Massive BH Binaries as Periodically-Variable AGN

TL;DR

This paper predicts the electromagnetic detection rates of massive black-hole binaries as periodically variable AGN using simulations and models, suggesting many such binaries could be identified in current and future surveys.

Contribution

It introduces combined simulation and analytic models to estimate electromagnetic detection rates of MBH binaries as variable AGN, considering two variability mechanisms.

Findings

Expected detection of 0.2 (Doppler) and 5 (hydrodynamic) binaries in CRTS

Expected detection of 20 (Doppler) and 100 (hydrodynamic) binaries after five years of LSST

Approximately 1% of AGN at z < 0.6 could host massive binaries

Abstract

Massive black-hole (MBH) binaries, which are expected to form following the merger of their parent galaxies, produce gravitational waves which will be detectable by Pulsar Timing Arrays at nanohertz frequencies (year periods). While no confirmed, compact MBH binary systems have been seen in electromagnetic observations, a large number of candidates have recently been identified in optical surveys of AGN variability.
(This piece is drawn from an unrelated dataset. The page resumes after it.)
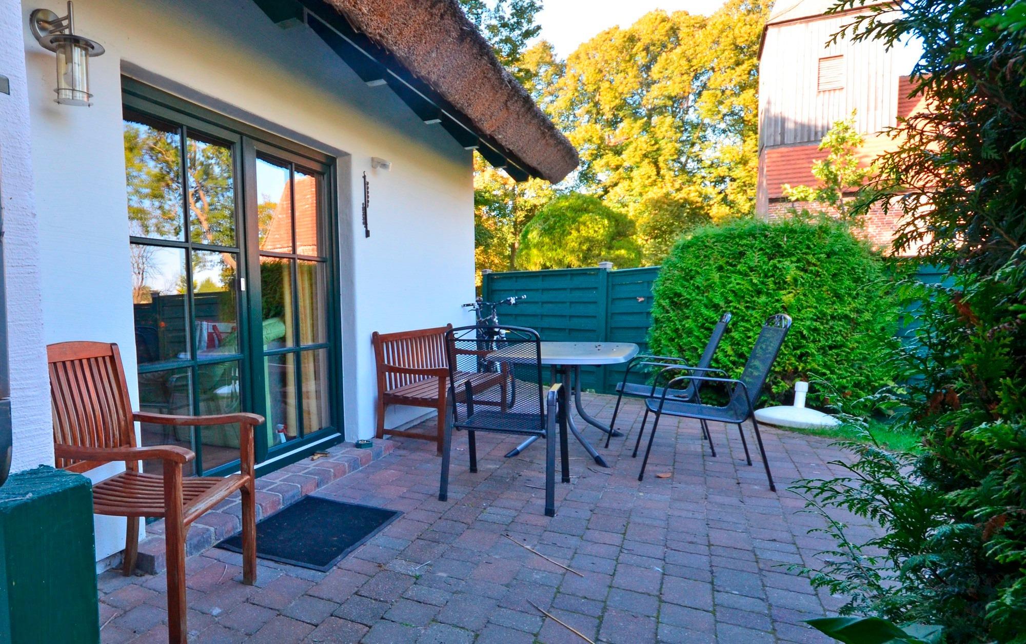 Die Reet-Dacheindeckung sowie die Sprossenfenster vermitteln eine gemütliche Atmosphäre und passen zum allgemeinen Charakter des Dorfes. Der Eckhausteil hat einen eigenen

Using a combination of cosmological, hydrodynamic simulations; comprehensive, semi-analytic binary merger models; and analytic AGN spectra and variability prescriptions; we calculate the expected electromagnetic detection rates of MBH binaries as periodically variable AGN. In particular, we consider two independent variability models: (i) Doppler boosting due to large orbital velocities, and (ii) hydrodynamic variability in which the fueling of MBH accretion disks is periodically modulated by the companion. Our models predict that numerous MBH binaries should be present and distinguishable in the existing data. In particular, our fiducial models produce an expectation value of $0.2$ (Doppler) and $5$ (hydrodynamic) binaries to be identifiable in CRTS, while $20$ and $100$ are expected after five years of LSST observations. The brightness variations in most systems are too small to be distinguishable, but almost $1\%$ of AGN at redshifts $z \lesssim 0.6$ could be in massive binaries. We analyze the predicted binary parameters of observable systems and their selection biases, and include an extensive discussion of our model parameters and uncertainties.